Non potendo essere la mia scarsa disponibilità al confronto la sola spiegazione per un gesto che ha preceduto solo di pochi minuti una riunione che a quel punto non si è più potuta tenere, si lamenta il totale scollamento tra giunta e consiglio. Ribadito che anche in questo caso si poteva avviare il confronto nelle sedi opportune, occorre riflettere sulla necessità di ristabilire un rapporto più equilibrato e corretto tra i due organi. Tutti i partiti che compongono la maggioranza consiliare sono rappresentati in giunta. Non mi pare che l’esecutivo o il suo presidente abbiano mai forzato la mano per imporre delle scelte contro la volontà dei consiglieri di centrosinistra e sardisti. Nessun atto di forza e nessun “lasciateci lavorare in pace”. Non pretendo una coalizione acritica e asservita, ma non ritengo di poter accettare che di tanto in tanto qualcuno si accordi per farci mancare la maggioranza, ricordandoci così che senza i numeri per governare il consiglio siamo legati per mani e piedi. In questo modo, la presenza in maggioranza e in giunta di determinati partiti viene tradotta in una minaccia, un tentativo di tenere l’esecutivo sotto schiaffo e di lasciarlo in vita solo fino a quando obbedisce. Esiste anche il rovescio della medaglia, come testimonia la scelta, dolorosa quanto riparabile, di fare a meno a queste condizioni della collaborazione di tre assessori cui ribadisco la mia stima incondizionata. Non è stato il mio un gesto di stizza o una reazione ingenua, ma è stata una scelta. È stata una manifestazione della volontà di lanciare un segnale chiaro: se questo è il clima, occorre ridiscutere tutto e chiarire se ci siano le condizioni per restare uniti e giocare a carte scoperte, come si aspetta anche chi ci ha eletto e ci sostiene.

Tralascio le volgari insinuazioni di chi mi accusa di fare la morale e mette in discussione la mia condotta. Non ho niente da nascondere. Anche a voler tornare indietro nel tempo fino alla questione delle nomine nella Fondazione Banco di Sardegna. Penso che a questo punto sia chiaro a tutti che i criteri utilizzati siano stati gli stessi che si sono adottati e che si adotteranno per le altre nomine che ci competono.
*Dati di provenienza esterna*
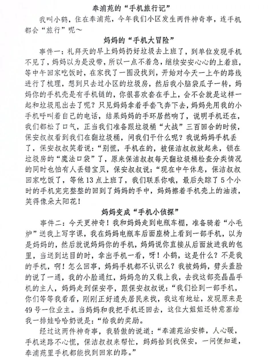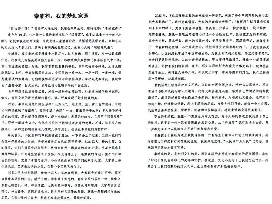 奉浦社区党总支精心组织“我眼中的小区之美”学生征文活动,以“小手牵大手”为纽带,通过孩子的视角挖掘小区人文与环境之美,激发居民共建共治和谐家园的热情。活动收到32篇投稿,优胜佳作在《奉浦苑之声》刊发,并将作品及感谢信同步推送至作者所在学校,让荣誉激励向外延伸,增强了居民的成就感,从而激发其参与社区治理的内生动力。
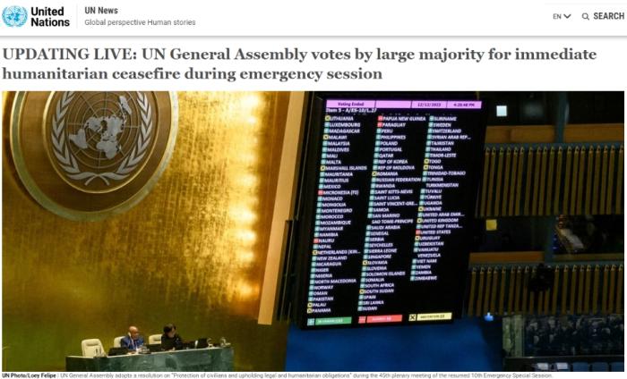 消息稱,包括美國和以色列等10個國家投了反對票。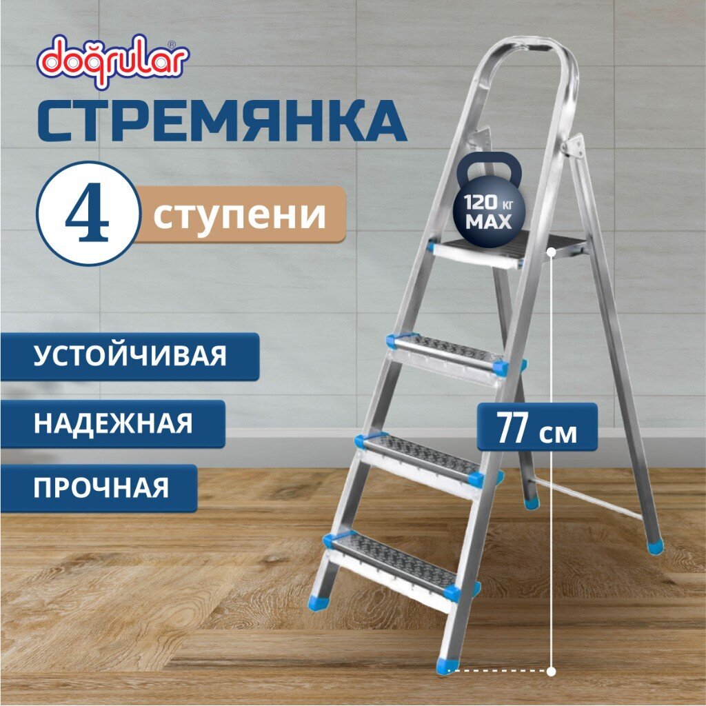 Вы можете приобрести «Стремянка 1 секция, 4 ступени, сталь, 1.32 м, 120 кг, оцинкованная, Dogrular, Ярус, 122204» и другие товары в нашем интернет-магазине в Обнинске по низким ценам и с бесплатным самовывозом.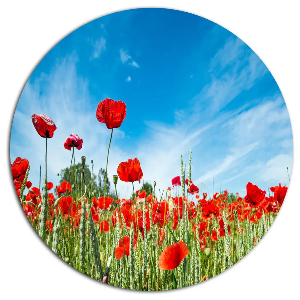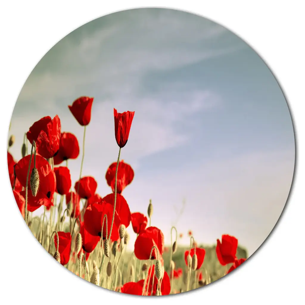 Bring Contemporary Abstraction to your home with this large Circle Metal wall art. This Flourishing Red Poppies Metal Artwork makes it the focal point of any room or office. - White Gloss Coating ensures colors are extra vibrant with light reflection.- Aluminum grade Sheet Metal with 1 inch mounting frame on the back giving the illusion that the artwork is floating on the wall..- Mounting Brackets are included along with instructions.- High Quality Digital images are created directly into a glossy aluminum panel producing a stunning and captivating print into the glossy finish of the metal.- Water, Fire and Scratch resistant HD Aluminum panels.- Looks better than any photo paper and guaranteed to last at least 20 years- Easy to clean with a microfiber cloth. Colors are far superior to regular Canvas Art. - Easy to Hang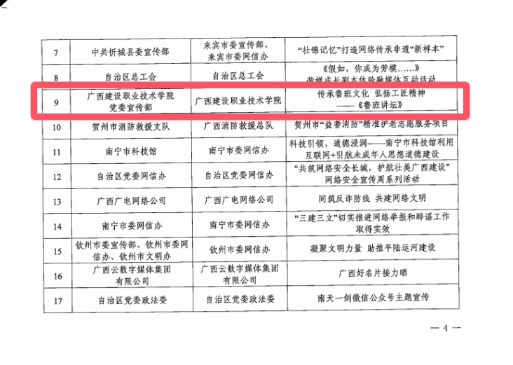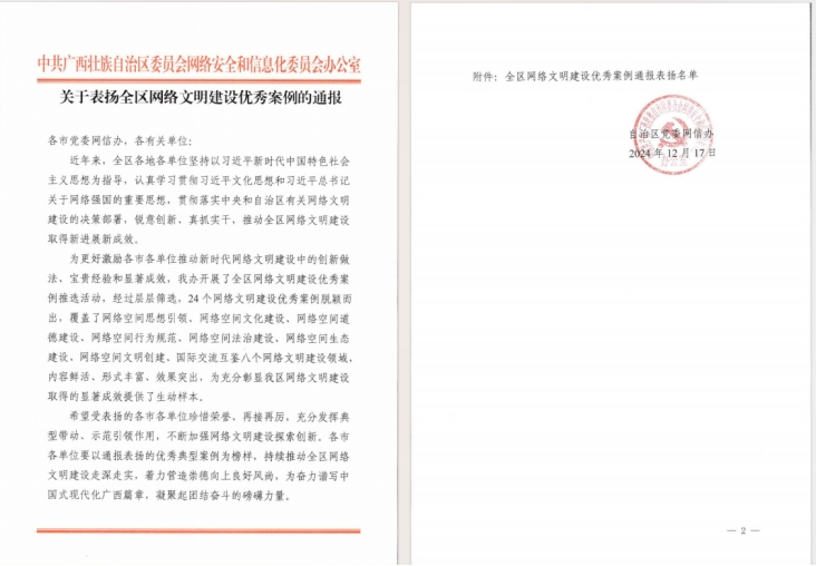 《魯班講壇》成功入選全區(qū)網(wǎng)絡(luò)文明建設(shè)優(yōu)秀案例,并獲通報表揚。我校案例是全區(qū)教育系統(tǒng)唯一入選案例,并被編入2024年廣西網(wǎng)絡(luò)文明大會的優(yōu)秀案例集。

Si tratta di organizzare l’apparato di sottogoverno in maniera funzionale agli obiettivi politici che ci si vuole dare. Per questo intervengono i partiti e cercano accordi che possano soddisfare tutti, ferma restando la necessità di favorire la chiarezza delle scelte e l’efficienza di enti, società e associazioni di cui gli enti pubblici locali entrano a far parte. Anche in quel caso l’argomento è stato utilizzato strumentalmente per far venire a galla malumori sopiti e mai risolti. Ecco perché ho sostenuto che una verifica sia necessaria e ho creato le condizioni per aprirla e chiuderla in tempi brevi. Non si cerchi con questo di dare giustificazioni politiche a un gesto e a un atteggiamento fuori luogo. Piuttosto, ritroviamoci e ristabiliamo le ragioni per cui vale la pena andare avanti.